Authors Contributions
R.T. and L.L. designed the study; A.R. provided the sample and associated biological information. L.L. performed molecular lab work, S.H. performed initial de novo assembly, M.A. executed all genome annotations and analyses, M.A., S.H., and, A.B.D. analyzed and interpreted the results, M.A. wrote the manuscript.

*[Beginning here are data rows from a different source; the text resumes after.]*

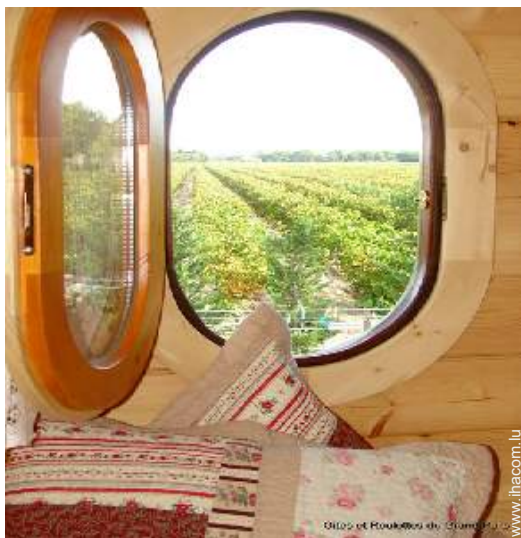
vue sur vignobles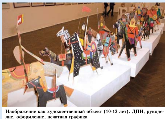
Изображение как художественный объект (10-12 лет). ДШИ, рукоделие, оформление, печатная графика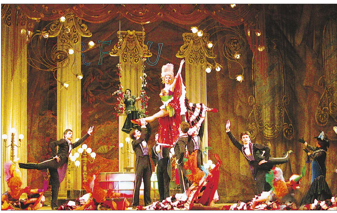
Привычным к серьезной музыке артистам непросто было «расквашаться» в оперетте...

Башкирский государственный театр оперы и балета можно поздравить: выдержал экзамен на постановку легкого музыкального жанра.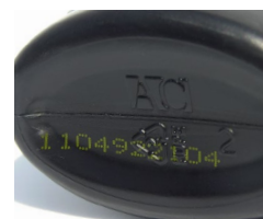
Code imprimé par jet d'encre continu sur un plastique foncé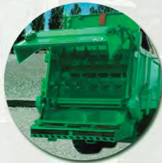
GRUPO ESPECIAL COMPOST 2 RULOS HORIZONTALES + 2 PLATOS SPECIAL GROUP FOR COMPOST 2 HORIZONTAL AUGER BEATERS AND 2 PLATES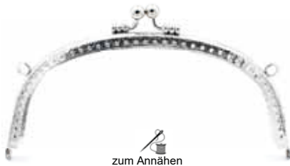
Art.-Nr.: BG-SW0167-N zum Annähen, mit 2 Ringen Größe: 16,5 x 7,4cm, Farbe: silber Abnahme: Beutel mit 5 Stück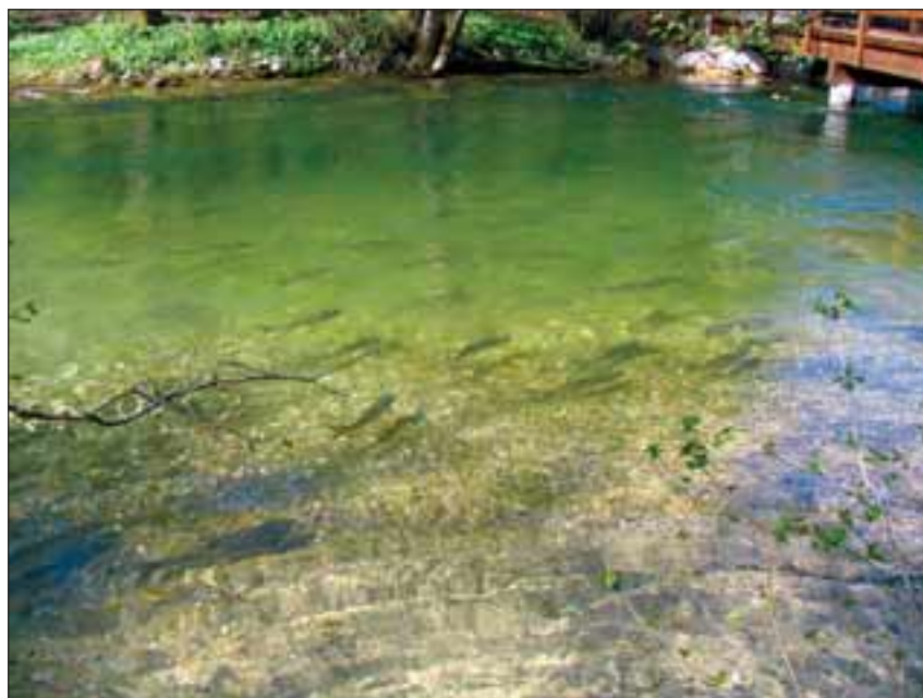
Abb. 10: In die Seeache einwandernde Perlfische.

Die Perlfische hielten sich in der gesamten Seeache mehr oder weniger gleichmäßig verteilt auf. In tieferen Strecken bis zu 1,5 m Wassertiefe und verhältnismäßig geringer Strömung fanden sich die Fische offensichtlich zur Erholung in Gruppen zusammen. Auf flachen, gut durchströmten Kiesbänken bis circa 0,5 m Wassertiefe waren hingegen Revierkämpfe der Männchen und Paarungsspiele zu beobachten (Abb. 10).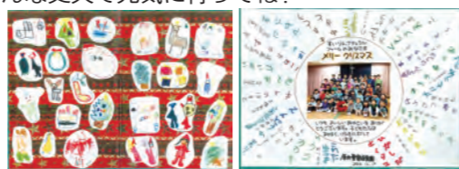
福島県の原町保育園の皆からのお手紙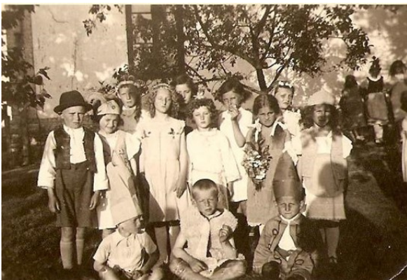
Tápiói színjátszó iskolások

A templomi búcsúk elsősorban vallási események voltak, de nagyon fontos szerepet játszottak a család, a rokonság összetartásában, a közösségformálásban is.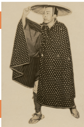
プロマイド 初代中村吉右衛門の宗吾 昭和5年2月明治座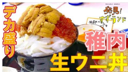
北海道・稚内で発見！贅沢デカ盛り海鮮丼「樺太食堂」【北海道グルメ】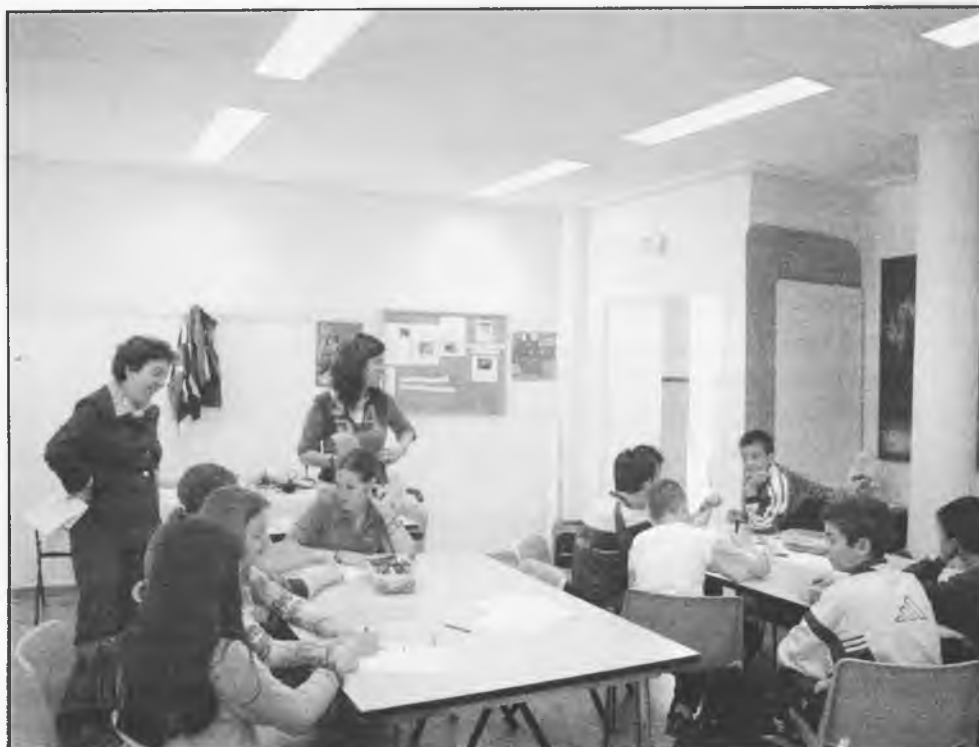
La Concejal de Infancia y componentes del taller "Ventana de Ocio"

La Delegación de Juventud ha puesto a la venta entradas para asistir a las obras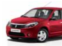
أحمر حار (21D(GO)) PASSION RED 21D(GO)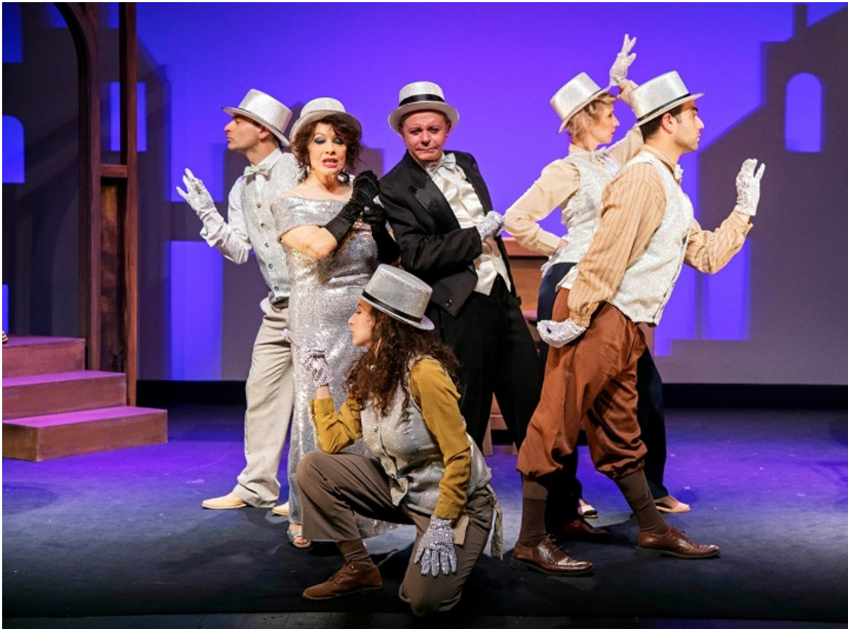
На одном из спектаклей театра «Идишпиль»

В воскресенье, 18-го июля 1948 года редактор коммунистической газеты «Коль ха-Ам» Меир Вильнер явился в военкомат по ул. Калишер в Тель-Авиве для несения воинской службы. На рутинный вопрос, какие языки он знает, Вильнер ответил: иврит, польский, немецкий и идиш. Офицер заявил, что идиш — не язык. Вильнер возмутился, но ему возразили, что издан приказ верховного командования: идиш — не язык. Ивритские газеты отнеслись к инциденту без удивления, мол, идиш — наследие галута (диаспоры), и в новом государстве ему нет места.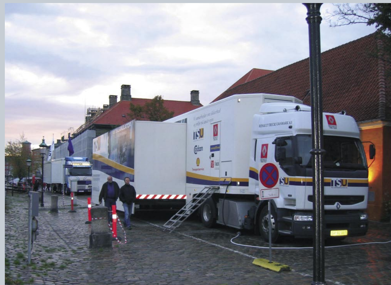
Foto fra Kulturnatten i oktober 2004 i København, hvor der var åbent hus i TSU's lastbilsimulator uden for Transportministeriet på Frederiksholms Kanal. (Foto fra Transport- og Energiministeriets hjemmeside).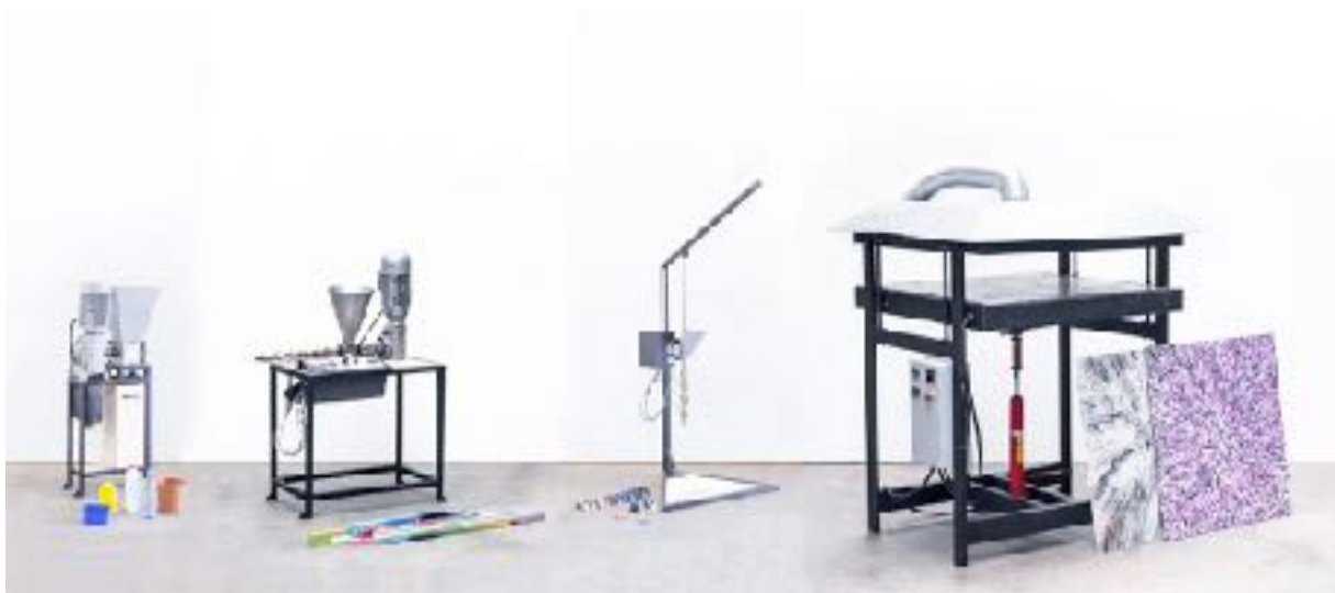
Sl. 8. Fotografija mašina izrađenih u Precious Plastic radioni

Projekt Precious Plastic iz 2013. godine hardver je otvorenog koda koji omogućava dijeljenje i dopunjavanje sadržaja na web stranici s misijom i vizijom recikliranja plastike. 13 Na web stranici projekta Daveov tim suradnika objavljuje nacрте za mašine različitih funkcija (poput mašine za topljenje, drobljenje i oblikovanje plastične ambalaže). Svi nacрти su besplatni kao i upute za upotrebu i sastavljanje mašina. Cilj projekta je reciklirati, učiti o procesima proizvodnje, dizajna i ekološkog djelovanja i povezivati ljude sa sličnim interesima iz različitih dijelova svijeta.

All authors edited and approved the final manuscript.
Acknowledgments
Financial support came from the Bundesamt für Naturschutz (FKZ # 3514824600), as part of a larger study of population genomics. We thank Prof. Dr. Michael Hofreiter for providing access to the Illumina NextSeq platform. Additional support came from the University of Potsdam. Large-scale computational effort was made possible by computing resources provided by the department of Genetics at University of Potsdam and the High Performance Computing Cluster Orson2, managed by ZIM (Zentrum für Informationstechnologie und Medienmanagement) at the University of Potsdam.